Disclosure: Boivin reports no relevant financial disclosures.

Michael J. Boivin

Children who were perinatally infected with HIV showed poorer scores on tests measuring cognitive ability, attention and motor function than their uninfected peers, according to results from a 2-year study published in Clinical Infectious Diseases.

Researchers enrolled 611 children aged 5 to 11 years at six evaluation sites — three in South Africa and one each in Malawi, Uganda and Zimbabwe. Of the children, 246 were HIV positive and were initiated on ART before 3 years of age as part of a previous International Maternal Pediatric AIDS Clinical Trials Network study.

“A big concern whenever you are doing these types of cognitive assessments is, ‘Do the measures mean the same thing across different languages, different centuries, urban vs. rural, different socioeconomic and ethnic classes and communities — are you measuring the same thing?” Michael J. Boivin, PhD, MPH, professor and director of the psychiatry research program at Michigan State University, told Healio. “The kinds of measures that we have used and the way in which they were standardized through quality assurance ... are calibrated and quality assured by virtue of a centralized assessment center where we look at every tester’s quality of their assessment battery every month from all six sites.”

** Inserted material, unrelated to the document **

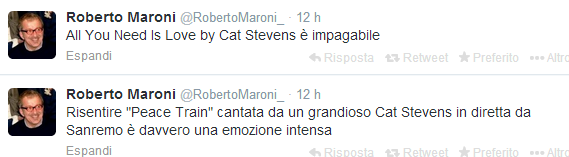 MILANO – Roberto Maroni non ha resistito al richiamo delle note di Cat Stevens e ha guardato Sanremo, sfilandosi così dal boicottaggio contro il festival dello “spreco di Stato” promosso dal suo partito, la Lega Nord. Prova ne è un messaggio, twittato dal governatore lombardo, ieri sera tardi, dopo l’esibizione del cantautore britannico sul palco dell’Ariston. “Risentire ‘Peace Train’ cantata da un grandioso Cat Stevens in diretta da Sanremo è davvero una emozione intensa”, ha scritto Maroni, che suona l’hammond nella band varesina ‘Distretto 51’.
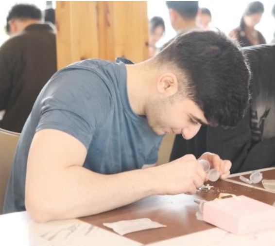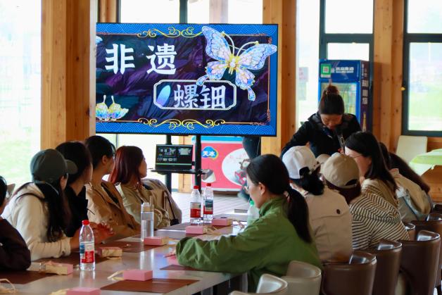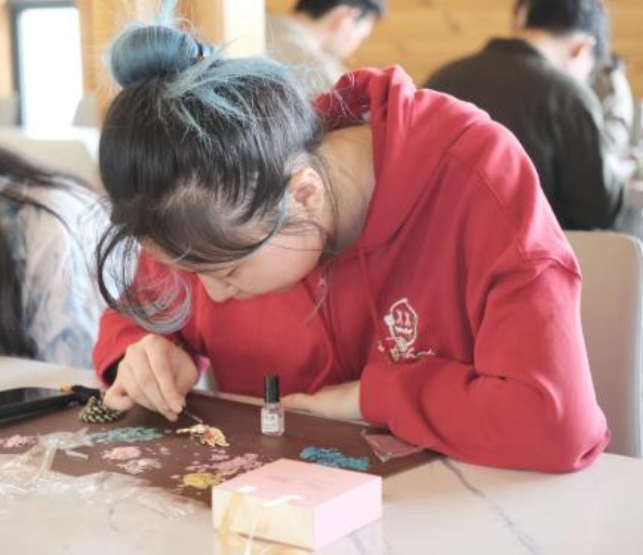 非遗螺钿体验区,同学们将贝壳薄片一片一片镶嵌在木质底托上。一位同学说道:“刚开始觉得好难,但慢慢静下来之后,发现挺有意思的。当碎片一点点拼成一朵花的时候,特别有成就感。”

Of the children without HIV, 183 were age exposed but uninfected (HEU) and 182 were unexposed and uninfected (HUU). Boivin and colleagues evaluated all study participants at weeks zero, 48 and 96 on their cognitive ability via the second edition of the Kaufman Assessment Battery for Children, their attention and impulsivity via the Tests of Variables of Attention, and their motor proficiency via the second edition of the Bruininks-Oseretsky Test and the Behavior Rating Inventory of Executive Function test.

Despite early ART initiation, HIV-positive children showed poorer neuropsychological performance than the HEU or HUU groups, with the gap steadily worsening in reasoning and planning over time, according to Boivin and colleagues.

Boivin said caregiver intervention is essential to improving this cognitive gap in HIV-positive children.

“I can't emphasize enough the importance of solid environment enrichment, nutrition and neural cognitive stimulation by training caregivers,” Boivin said.

The researchers noted significantly lower scores among HIV-positive children on the learning and planning portions of the Kaufman Assessment. HIV-positive children scored an average of 82.6 (95% CI, 80.42-84.79) on the learning portion, whereas the HEU and HUU groups scored an average of 85.48 (95% CI, 82.58-88.38) and 87.31 (95% CI, 84.45-90.17) at week 0, respectively. Similarly, children in the HIV-positive group showed average scores on the planning portion of the assessment of 71.66 (95% CI, 69.56-73.75), whereas the HEU and HUU children had average scores of 74.33 (95% CI, 71.68-76.98) and 74.58 (95% CI, 72.07-77.09) at week 0, respectively.

Boivin also noted the importance of maternal health in improving outcomes for HIV-exposed children.

“We were worried about the risk of moms being on highly active antiretroviral drugs through pregnancy and how that might affect gestational development in terms of toxic exposure,” Boivin said. “We found out that maybe there is some risk there, like with efavirenz, for example, but the health benefits to the mom of keeping her virally suppressed, immunologically stronger and in better health in general far outweighs any risk of the specific combination drug therapies themselves during pregnancy and after. Keeping the mom with HIV in good health is the single best thing we can do for the early development of the HIV-exposed child.” – by Eamon Dreisbach

Disclosure: Boivin reports no relevant financial disclosures.